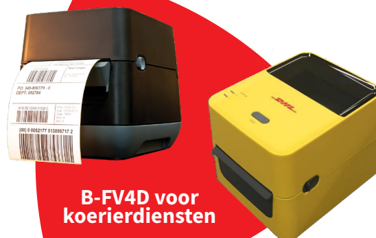
B-FV4D voor koerierdiensten

Speciaal voor koerierdiensten heeft Toshiba B-FV4 -toestellen ontwikkeld waarmee je in een handomdraai allerlei verzendetiketten kan printen. Het couriermodel heeft een standaard ingebouwde 'peel-off'-module waardoor je gemakkelijk en snel je etiket kan afnemen. Bij het linerless-model kunnen compacte etiketrollen zonder rugpapier gebruikt worden waardoor je geen afval produceert. Door de standaard ingebouwde snijmodule worden de labels volledig doorgesneden en krijg je op maat afgewerkte etiketten. Speciaal voor DHL werd het toestel in een ander kleurtje gegoten en gepersonaliseerd met logo.
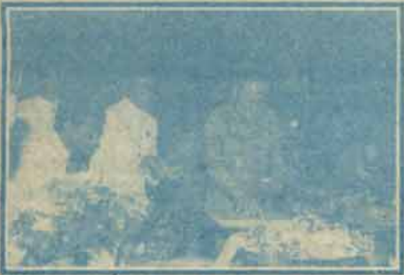
นายกรัฐมนตรีวางศิลาฤกษ์

- Work to complete
Gather up every line in the data above that contains the word "voor", copying each one.

- Written response
B-FV4D voor koerierdiensten
Speciaal voor koerierdiensten heeft Toshiba B-FV4 -toestellen ontwikkeld waarmee je in een handomdraai allerlei verzendetiketten kan printen. Het couriermodel heeft een standaard ingebouwde 'peel-off'-module waardoor je gemakkelijk en snel je etiket kan afnemen. Bij het linerless-model kunnen compacte etiketrollen zonder rugpapier gebruikt worden waardoor je geen afval produceert. Door de standaard ingebouwde snijmodule worden de labels volledig doorgesneden en krijg je op maat afgewerkte etiketten. Speciaal voor DHL werd het toestel in een ander kleurtje gegoten en gepersonaliseerd met logo.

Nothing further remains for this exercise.